Es war erst Viertel nach sieben, doch die Ermittler im Dezernat für Tötungsdelikte waren schon mitten bei der Arbeit, sie nahmen die Daten der potentiellen Morde und Totschläge auf, die es in der Nacht gegeben hatte, und versammelten sich in den Pausenräumen, um die Fortschritte bei offenen Fällen zu besprechen. Captain Laura Hayward saß hinter ihrem Schreibtisch und beendete einen ungewöhnlich umfassenden Monatsbericht für den Commissioner.
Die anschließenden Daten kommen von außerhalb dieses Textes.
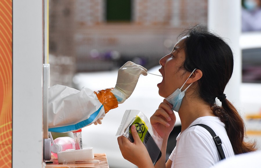 Una residente recibe una prueba de ácido nucleico en un sitio de pruebas, en el distrito de Longhua, en Haikou, en la provincia de Hainan, en el sur de China, el 7 de agosto de 2022. (Xinhua/Yang Guanyu)
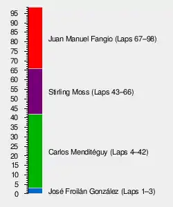 - Car #30: Juan Manuel Fangio (22 laps) and Luigi Musso (0 laps).
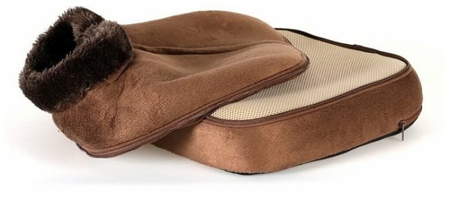 верх полностью отстегивается: можно использовать как тапок-грелку для ног, а можно как массажную подушку или грелку для любой части тела;
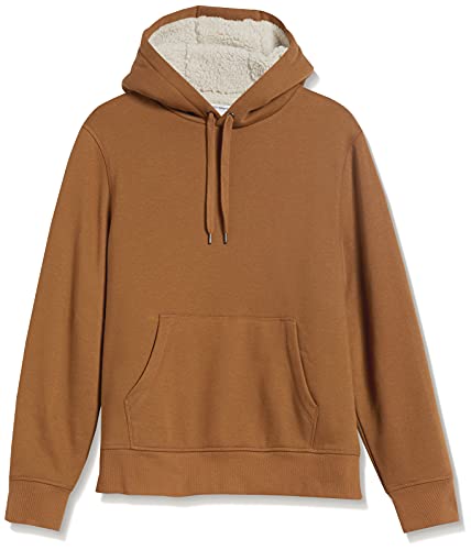 Amazon Essentials Men's Sherpa-Lined Pullover Hoodie Sweatshirt, Toffee Brown, Large
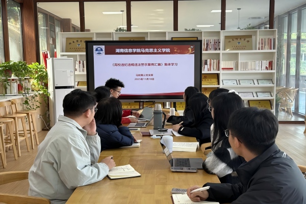 为深入推进师德师风建设,筑牢党员教师纪律思想防线,2025年11月18日,湖南信息学院马克思主义学院第三党支部组织开展《高校违纪违规违法警示案例汇编》《违反教师职业行为十项准则典型案例》集体学习活动。活动由党支部组织委员杨菁菁主持,党支部书记罗达领学,支部全体党员参加。
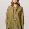 Comfort shirt with front ruffle and pointed rear yoke. Made of exclusive print cotton cashmere. Made in Italy.
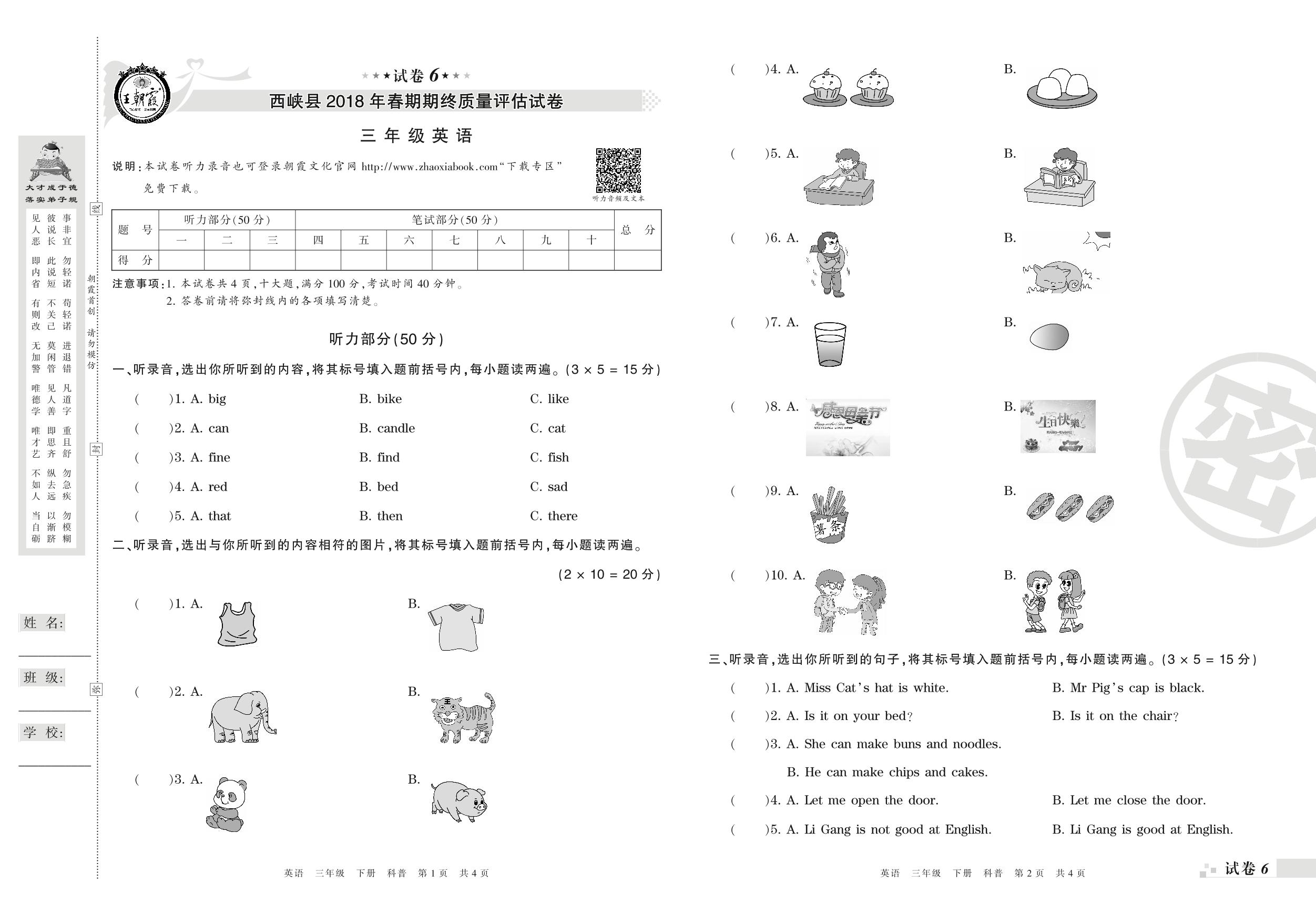 2017-2018学年第二学期南阳市西峡县三年级英语试卷(科普版)【6】

Der arme Mann war neu hier – er war aus Texas hergewechselt –, und Hayward wusste, dass er ein wenig bürokratisches Händchenhalten schätzte.
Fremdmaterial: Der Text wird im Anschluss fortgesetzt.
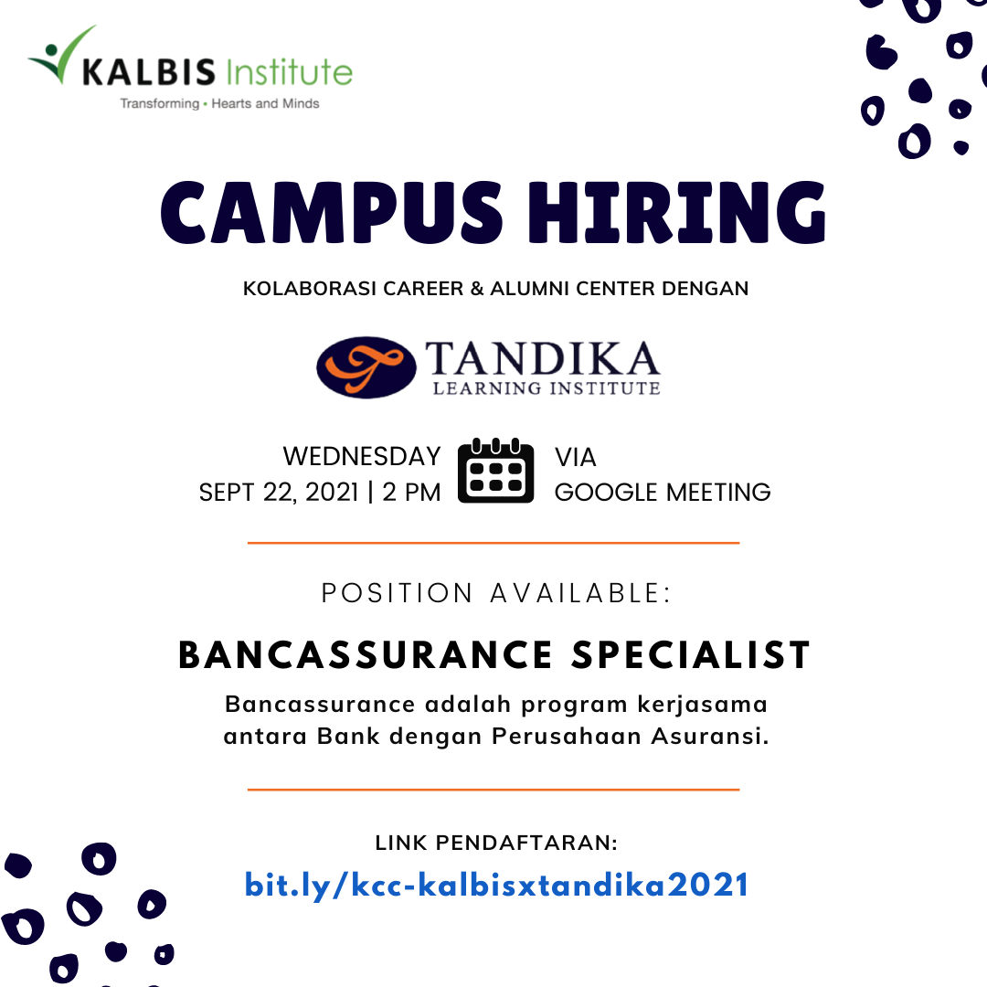 Pada kesempatan ini Kalbis Career Center bekerja sama dengan Tandika Learning Institute mengadakan Campus Hiring. Acara Campus Hiring ini akan diselenggarakan pada:

Sie schrieb ihren Bericht zu Ende, speicherte und trank einen Schluck von ihrem Kaffee. Er war nicht mal mehr lauwarm; sie war bereits seit über einer Stunde im Büro. Als sie den Becher abstellte, klingelte ihr Handy. Es war ihr privates Handy, nicht das offizielle, und nur vier Menschen kannten die Nummer: ihre Mutter, ihre Schwester, der Anwalt der Familie – und Vincent D’Agosta.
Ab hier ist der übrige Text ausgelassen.